START INFORMATION

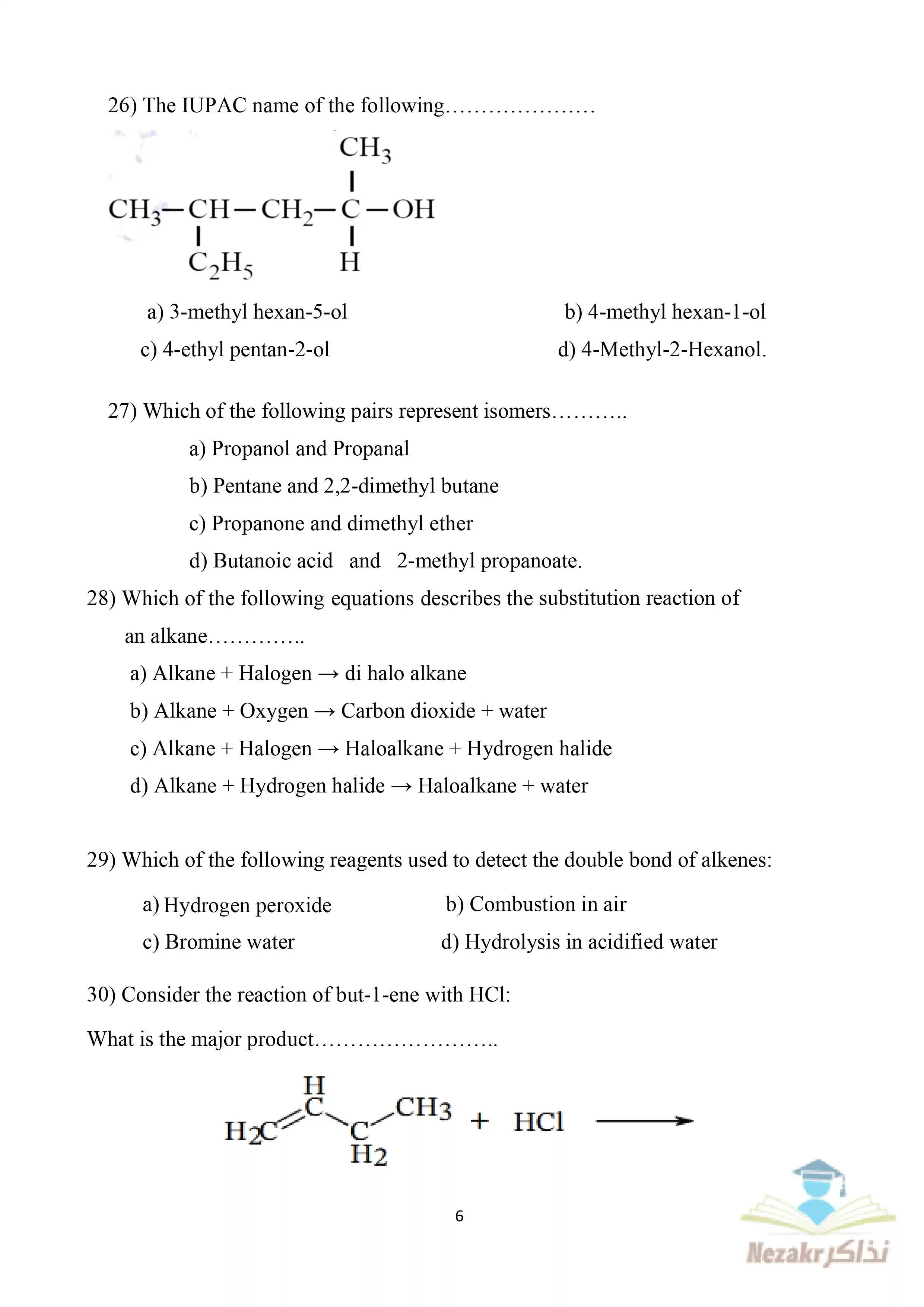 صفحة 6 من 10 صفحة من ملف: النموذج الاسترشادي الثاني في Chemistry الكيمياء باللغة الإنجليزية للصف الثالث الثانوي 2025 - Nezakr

END INFORMATION
START INFORMATION

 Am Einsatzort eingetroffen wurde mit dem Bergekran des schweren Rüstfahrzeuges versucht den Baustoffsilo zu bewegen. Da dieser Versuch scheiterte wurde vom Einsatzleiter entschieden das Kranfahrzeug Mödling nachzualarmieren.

END INFORMATION
START INFORMATION

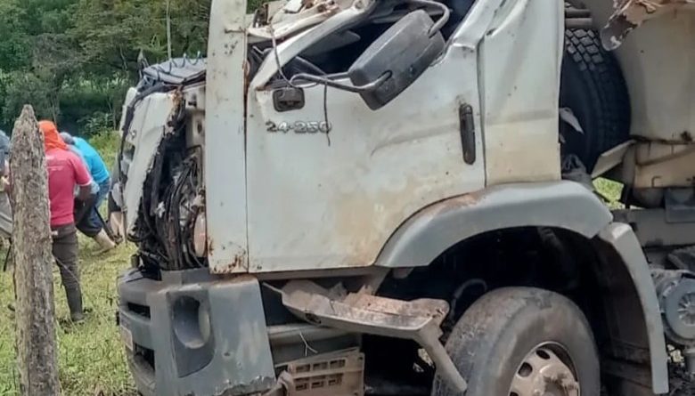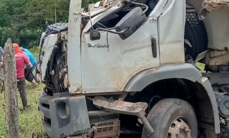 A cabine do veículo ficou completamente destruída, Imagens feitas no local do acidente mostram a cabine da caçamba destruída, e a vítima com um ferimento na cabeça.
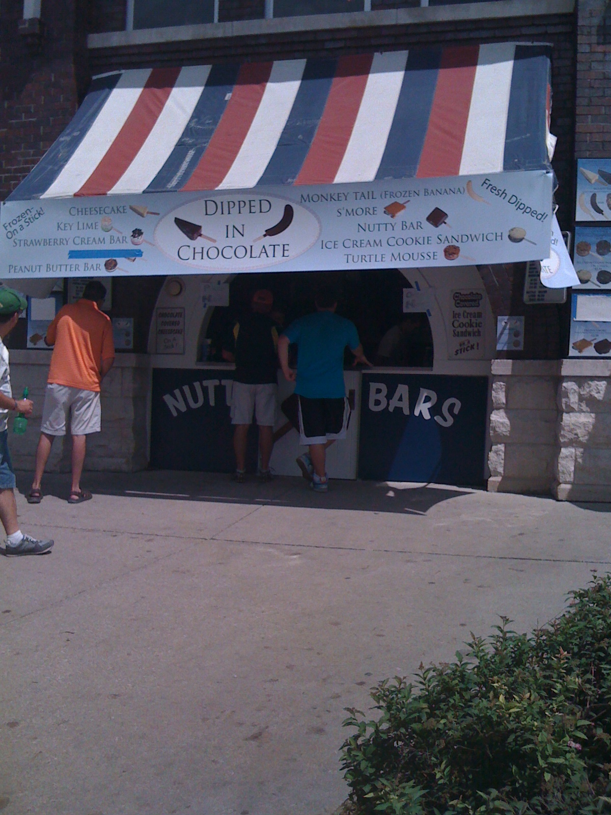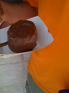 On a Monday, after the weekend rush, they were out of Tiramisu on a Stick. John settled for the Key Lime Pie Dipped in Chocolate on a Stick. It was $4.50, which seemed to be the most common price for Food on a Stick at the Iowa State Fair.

END INFORMATION

Although pictures appear among the records above, write out exactly only the lines from the one that has "A cabine do" through the one that has "On a Monday, after", and leave the pictures out.

• **SOLVED PROBLEM**
 A cabine do veículo ficou completamente destruída, Imagens feitas no local do acidente mostram a cabine da caçamba destruída, e a vítima com um ferimento na cabeça.
 On a Monday, after the weekend rush, they were out of Tiramisu on a Stick. John settled for the Key Lime Pie Dipped in Chocolate on a Stick. It was $4.50, which seemed to be the most common price for Food on a Stick at the Iowa State Fair.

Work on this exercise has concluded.